What She Did Not Ban
On Wednesday, the head of the American Federation of Teachers stood at the National Press Club and called for screen bans in kindergarten, an end to student-facing AI in elementary school, and a tax on big tech. The careful part of the speech was the line she chose not to draw.
On Wednesday, at the National Press Club, Randi Weingarten gave the most detailed speech a major American teachers union president has yet given about technology in classrooms. The title of the address was a sentence on its own: Devices Down, Eyes Up, Hands-On: 10 Points to Boost Teaching and Learning in the AI Era.1
The press coverage moved fast. The American Federation of Teachers wants a complete ban on screens, including online assessments, for pre-K through second grade, with exceptions only for students with disabilities.2 An end to all student-facing artificial intelligence, including digital tutors, in elementary school.2 A ban on "companion chatbots," meaning any AI designed to simulate a human relationship, for anyone under sixteen.2 A tax on the earnings of large tech companies to pay for the disruption they have caused.3 A "gold standard" for AI safety and privacy in K-12 schools that Microsoft, OpenAI, and Anthropic have, according to Weingarten, agreed to in principle.3
By the end of the day, the headlines were a single word: ban.
Read more carefully, the speech was not a ban on AI in schools. It was a much more careful line.
The Word Was "Companion"
Weingarten was specific about which AI she wanted out of children's hands and which AI she did not. The first category she named was "companion chatbots," programs that simulate friendship, advice, romance, or coaching as though they were a person.2 Her concern was not that a child might use a calculator. It was that a child might form a primary relationship with a piece of software that has no obligation to her well-being.
The second category was "student-facing" AI in elementary school, tools that interact directly with a seven-year-old without a teacher in the loop.2 Again, the line was not about whether AI exists in the building. It was about whether the youngest students are sent into it alone.
What Weingarten conspicuously did not ban was teacher-facing AI, AI literacy in older grades, or the use of these tools in the kinds of project-based, hands-on learning her ten-point plan also explicitly called for.1 The AFT's own National Academy for AI Instruction, a training hub designed and run by educators, continues its work.3
The shape of that line is the part of the speech that will matter five years from now. Weingarten quoted a survey of three thousand teachers in which eighty-eight percent said their students' attention spans were getting shorter.2 She cited research from the neuroscientist Jared Cooney Horvath, who found that state expansion of ed tech correlated with declining educational progress.3 "Intentional or not," she said, "all this tech has been a huge experiment on kids, and experiments can go wrong."2
What the Future Will Have to Decide
The choice in front of American schools right now is not yes-AI or no-AI. It is about which AI, for whom, with what kind of adult in the room. Weingarten was, in her careful way, modeling the question. A six-year-old should not be alone with a screen for hours. A fifteen-year-old probably should not be talking to a synthetic friend at midnight. A high school junior writing a research paper probably should be learning to work alongside the tool she will use for the rest of her working life.

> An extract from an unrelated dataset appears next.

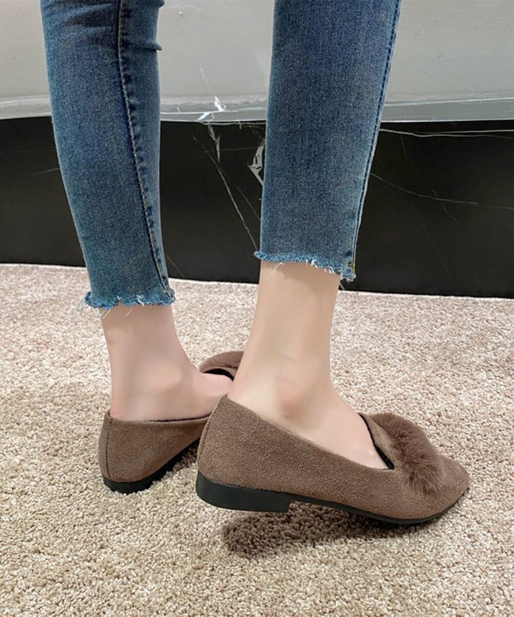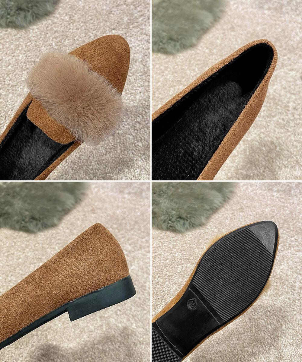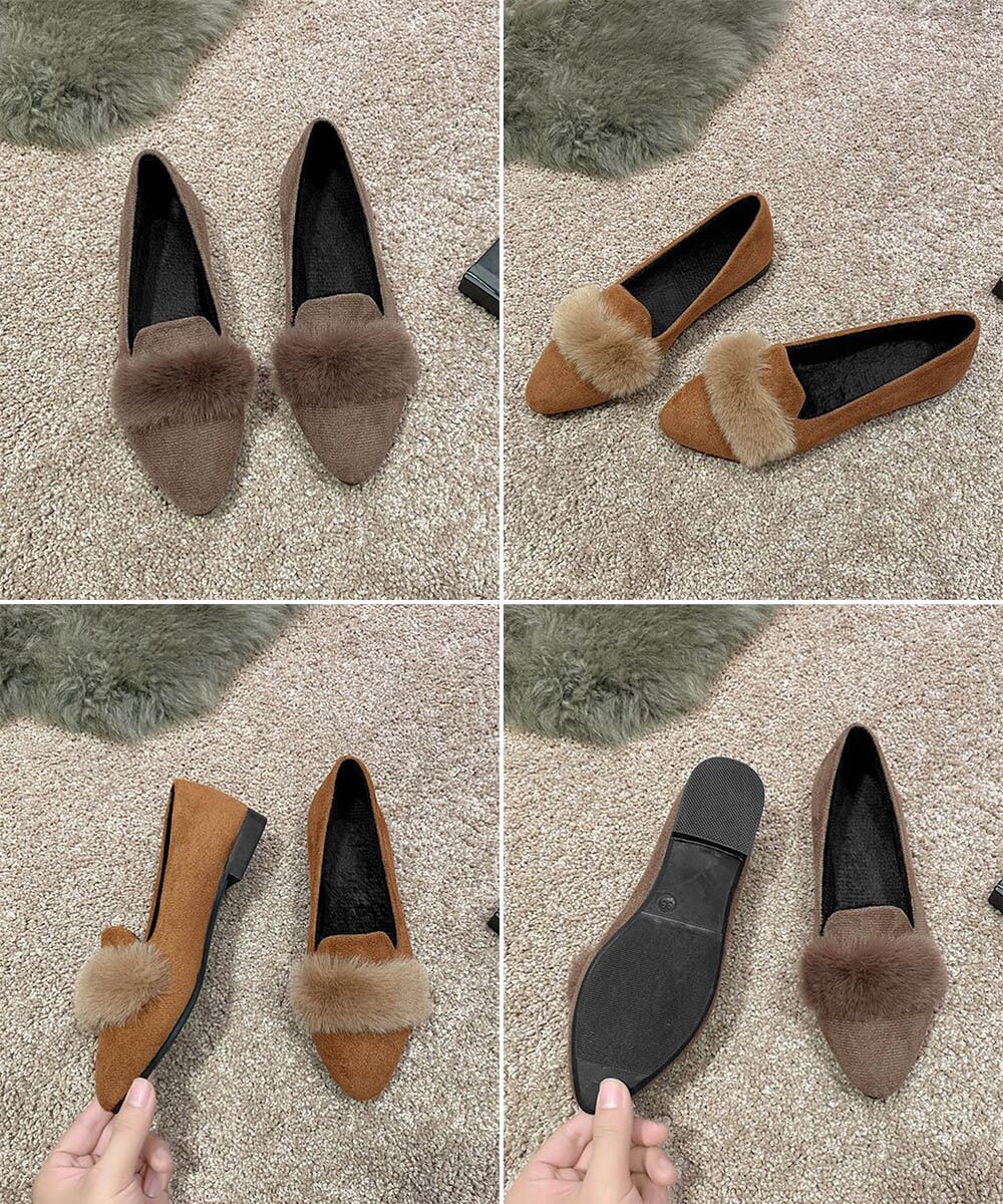 ファー付きパンプスポインテッドトゥ韓国風

The temptation, on hearing a speech like Wednesday's, is to read it as a referendum on AI. It is not. It is a referendum on relationships. Who is sitting next to the student when the work is hard. What the software is being asked to be. Whether the screen is replacing a person or supporting one.
That is a future worth building toward. It also implies a different burden of evidence than ed tech has historically been asked to meet. If the worry is that screens have replaced something irreplaceable in early childhood, then the case for AI in any classroom rests on its ability to make the human work more visible, not less. The drafts a student kept. The pause she took before answering. The question she asked her teacher because the tool taught her how to ask better questions.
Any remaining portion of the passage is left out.